Accident To Workman - Definition - Law Dictionary Home Dictionary Definition accident-to-workman
Definition :
Accident to workman, compensation for. (English) The Workmen's Compensation Act, 1925, provides s. 1, sub-s. (1), that if in any employment personal injury by accident arising out of and in the course of the employment is caused to a workman, his employer shall be liable to pay compensation.
Sub-s. (2), that an accident resulting in death or serious and permanent disablement of a workman shall be deemed to arise out of and in the course of his employment, even if at the time of the accident he was acting in contravention of statutory regulations or of the orders of his employer, if such act was done by him for the purposes of and in connection with his employer's trade or business, see Guest v. Gaston & Co., 1927 (1) KB 1.

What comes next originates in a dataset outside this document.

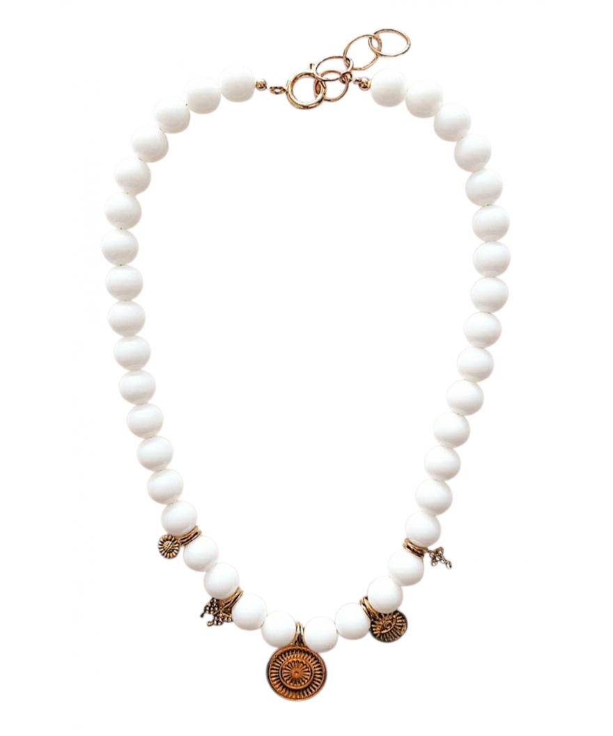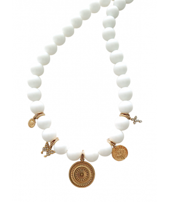 Collier Eden composé de perles jade blanc et de pendentifs charm's.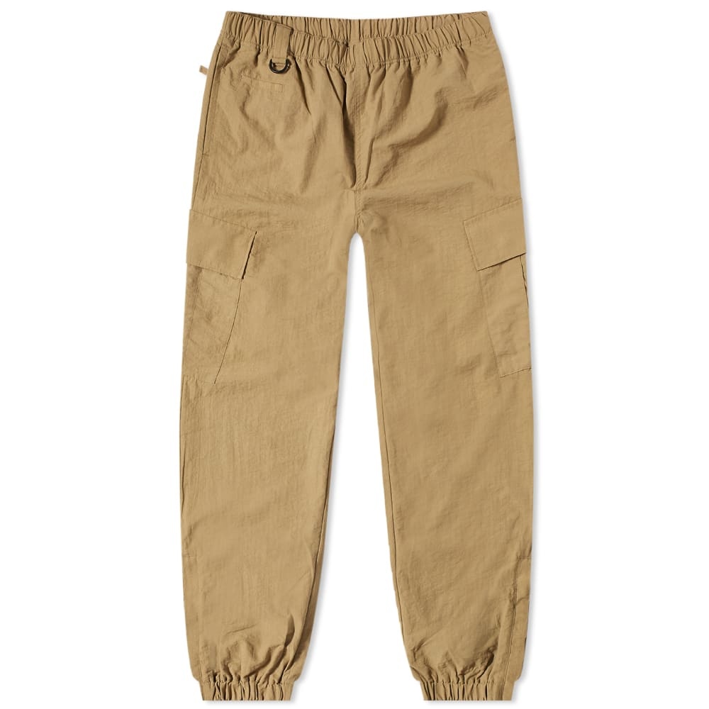 Put a utilitarian stamp on your everyday looks with these beige cargo pants from Undercover. Made from durable nylon, they’re cut to a classic fit and elasticated at the waist and cuffs for comfort and fitted with two cargo pockets. You’ll also discover a utility ring at the waistband to drive home the industrial look. - 100% Nylon - Elasticated Waist - Multiple Pockets - Elasticated Cuffs - Utility Ring Detail - Made in Japan

The word 'accident' must be given its ordinary and popular sense; it has been defined as 'an unlooked for mishap or an untoward event, which is not expected or designed', Fenton v. Thorley & Co., 1903 AC 443. Thus compensation has been recovered in respect of death caused by anthrax bacillus, Brintons Ltd. v. Turvey, 1905 AC 230, and by reason of falling into the hold of a ship during an epileptic fit, Wicks v. Dowell & Co. Ltd., (1905) 2 KB 225; but not where death was caused by gradual lead poisoning, Steel v. Cammell Larid Ltd., 1905 (2) KB 232. Similarly for this Act 'heatstroke' is an accident, Ismay v. Williamson, 1908 AC 437, since if a workman in the reasonable performance of his duties sustains a physiological injury as the result of the work he is engaged in, this is an accidental injury in the sense of the statute, a principle extended to exertion causing the rupture of an aneurism, Clover v. Hughes, 1910 AC 242; distinguished, Noden v. Galloways, 1912 (1) KB 46. See also Falmouth Docks and Engineering Co. Ltd. v. Treloar, 1933 AC 431. A deliberate assault on the workman may be an 'accident', Trim School Board v. Kelly, 1914 AC 667. However, where the accident arose from some peril to which the workman had voluntarily exposed himself by his own conduct and which he was not obliged to encounter by any term of his contract of service, the accident was held not to arise out of his employment. See
Stephen v. Cooper, 1929 AC 570. See WORKMEN'S COMPENSATION, and tits. NOTICE OF ACCIDENT; INDUSTRIAL DISEASE.